# PCV And OTRCAI



## doww301 (Oct 30, 2011)

Getting ready to glass my otrcai. Concerned about pcv with this setup. I have ordered an oil catch can that has a breather on top. I wanted to delete the pcv and just vent each side with a 3/8" hose. One coming from the driver side valve cover and one coming from the valley cover vent-then cap everything else. Had an idea to tee them together, run the third line on the tee to the catch can and then let the outlet line from the catch can vent near bottom of the car. On the other hand, I could just run the valley cover outlet into the catch can and run the other line from there back into the intake manifold and call it good. I dont want to find any more oil on the back of my throttle body; and also, I would prefer to simply get only clean air into my intake manifold. If I can just vent both sides do I still need to get fresh air input into the fitting on the passenger side valve cover, or can I just cap that? I've done lots of searching on this and all the forum postings I have read and re-read generate LOTS of differing opinions on what to best do with the pcv. Another thing I've noticed is that guys who keep the fresh air from the intake have to install some 3/8" fitting into their silicone intake hoses between the maf and the throttle body. I'd rather see a cleaner look to my setup, but if the fresh air line is absolutely necessary then I will just do that. Thanks for your help in advance!


----------



## svede1212 (Nov 1, 2005)

You can have a "clean look" or a dirty engine. Your proposal is to run a bunch of hoses that do little. You should also not have a breather on the catch can. You need to understand how it works before you start re-engineering. The hose off the intake coupler provides fresh air to the crankcase. That is after the MAF so that it is metered as that air is later run back to the intake manifold and into the engine. Running without that and just venting is like having a leak in your intake manifold.

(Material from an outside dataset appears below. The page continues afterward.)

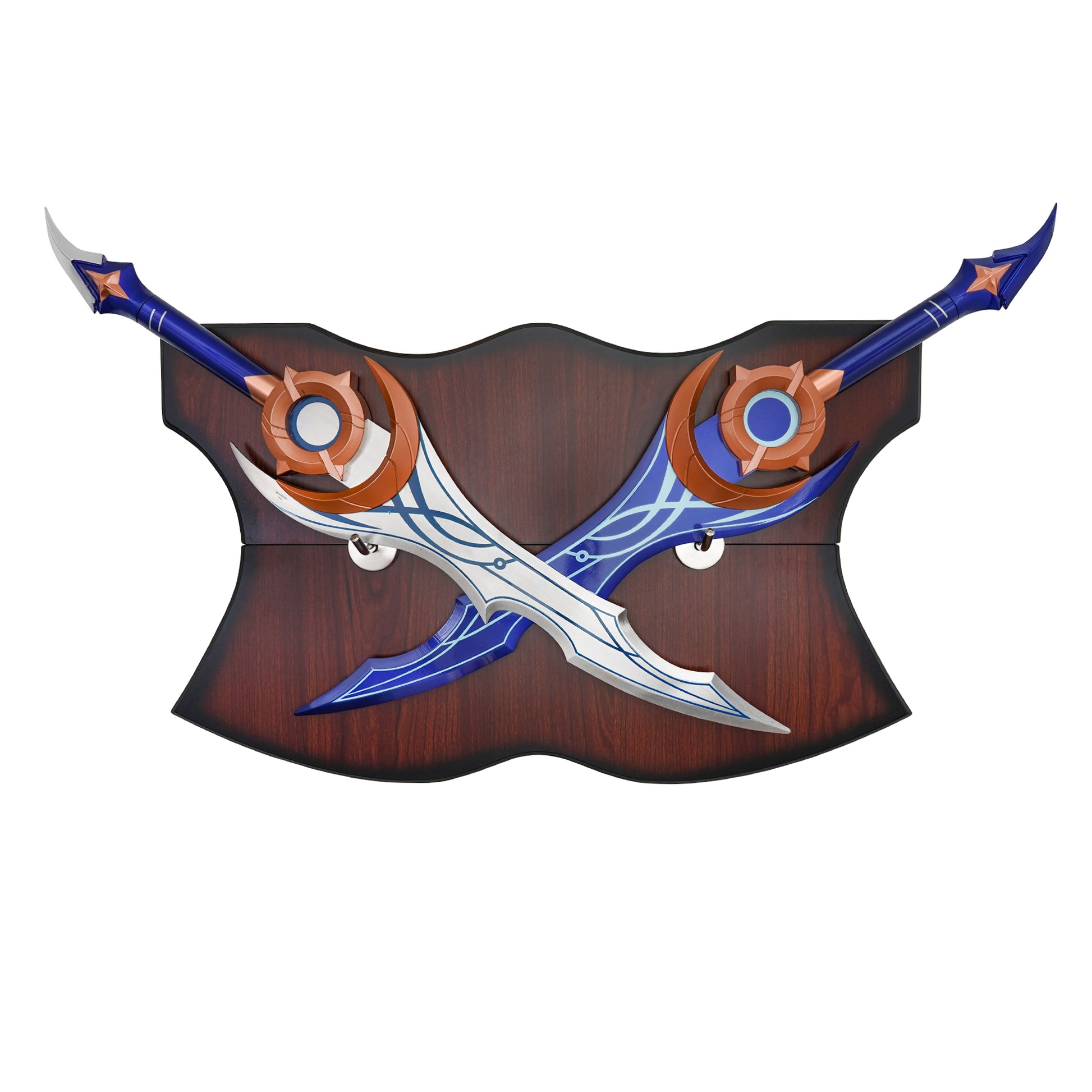 Channel the balanced elegance of Sung Jin-Woo’s dual mastery with the Moonshadow 2-Piece Dagger Set, a stunning steel replica set from Solo Leveling. Representing the harmony between light and darkness, these ceremonial-style daggers embody the evolution of Jin-Woo’s strength and precision. Both the Light Moonshadow and Dark Moonshadow daggers measure 27.5 inches, crafted with stylized blue steel blades and intricate silver linework, accented by metallic bronze guards and uniquely sculpted hilts. Though unsharpened, these steel replicas offer premium detail and presence. Mounted on a 23.5" x 14.5" custom wooden display plaque, this set makes the perfect centerpiece for fans and collectors alike—ideal for cosplay, fantasy-themed decor, or any Solo Leveling weapon wall.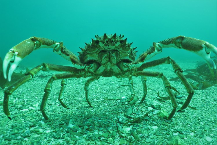 Finally, time for a (solo)dive last Saturday, at probably the most accessible local site: Silver Steps in Falmouth (you can just make out the steps in the photo above). The sun and high tide had attracted quite a lot of other divers too, including University of Exeter and Falmouth University students learning the ropes. I was very keen to get in the water and take photos but my approach is probably not the best: I just shoot whatever happens to be in front of me. Better results could be obtained to specifically look for macro subjects, to stay in the water column and search for jellies, befriend the Ballan wrasse or stay put in front of a Leopard-spotted goby hide-out (or check out seaweeds of course). I’ll do one of these things next time, for now, some random shots. I spotted several Spider crabs; these are always shy and try to quickly retreat, except for one. This big crab came after me as soon as we spotted each other. I should have tried more shots, as unfortunately he did not fit the frame. You can see in the short movie why I didn’t!

FWIW the back, driver's side valve cover port is a very poor place to vent from as a large amount of oil can come from there. Your best bet is to stick with the stock routing. The only improvement would be to put a check valve on that hose off the coupler to prevent reversion of oily air going in front of the TB from excessive blow-by.


----------



## svede1212 (Nov 1, 2005)

Just in case you missed one of the posts where I showed this the barb does not have to be a POS like the Vararam uses. Get a plastic 3/8" hose to hose barb and cut off one end. The center part of those is a larger diameter so it won't fall though. Push it in through a hole in the MAF>TB coupler and push the hose on from the outside to secure it.


----------



## doww301 (Oct 30, 2011)

*Big Help!!*

Thanks Svede! I've got a better understanding of this now. There's a lot of mis-information out there about this topic, and for that matter, about everything associated with this car. Its clearly not enough just to take advice from a racer who doesn't run his car on the street. That's where I got the plan to just run the hoses. I think I will stick with the stock routing and just add the catch can between the lifter valley and the intake. I can remove the breather and just cap that off. so there's no gasses venting out into the engine compartment. Back in the carbureted days, with my superbee, I just ran a breather on each valve cover on my 383. It worked fine. Obviously that concept wont work here. Thanks again for your help!


----------



## svede1212 (Nov 1, 2005)

For optimum results that check valve on the inlet side is a good idea. Using engine vacuum is an improvement over the old passive venting. The biggest issue with that tho is that the most blow-by is created at WOT and that's also when there is no vacuum to pull those gasses out. With no bias to the air movement and pressure in the crankcase the gases can go back up the inlet tube ahead of the TB and go into the manifold bypassing the catch can.


----------